Be careful, her husband's name is "Freak Show"!
Be careful, her husband's name is "Freak Show"!

If stoner comedy has a place in the satire canon, this is one of the best.By John DeSando, WCBE's "It's Movie Time"

If two chicks sitting in stalls playing "Battleshits" while the two Indian and Asian "heroes" hide between them suffering the sounds and smells of scatological low humor may be funny to you, then you should consider seeing "Harold and Kumar Go to White Castle." My last stoner movie, the remake of "Starsky and Hutch," was indeed Sunday school by contrast.
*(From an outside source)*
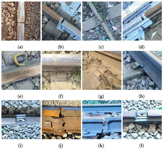 Figure 1 provides representative examples from the dataset, illustrating diverse fault types such as rail fractures (

Director Danny Leiner ("Dude, Where's My Car?") has taken this genre and made a classic, not just because it exploits every possible ethnic stereotype with zeal equaled only by "Bad Santa's" decimating the Christmas formula. "Castle" has such fun imitating the roguish good will of the Hope/Crosby road pictures while commenting on the egregious weaknesses of parents and police that almost anyone who doesn't mind a breast or two bared in the name of satire can laugh heartily at modern adult pretensions and youthful indiscretion.

Harold and Kumar are trying to find an all-night White Castle after experiencing the sudden yearning that afflicts almost anyone who has had a "slider" burger. Like that little square of fat and calories, the pot and girls are just too good not to indulge now and then. The two early twenties students, one a serious financial analyst and the other a lazy pre-med genius, are like Hope and Crosby in their witty repartee and canny ability to escape harm. Being delivered from the wrath of seriously deformed "Freak Show" and his siren wife doesn't deter them from considering the affections of the battling babes or idolizing Neil Patrick Harris in a cameo playing himself as a lethal womanizer.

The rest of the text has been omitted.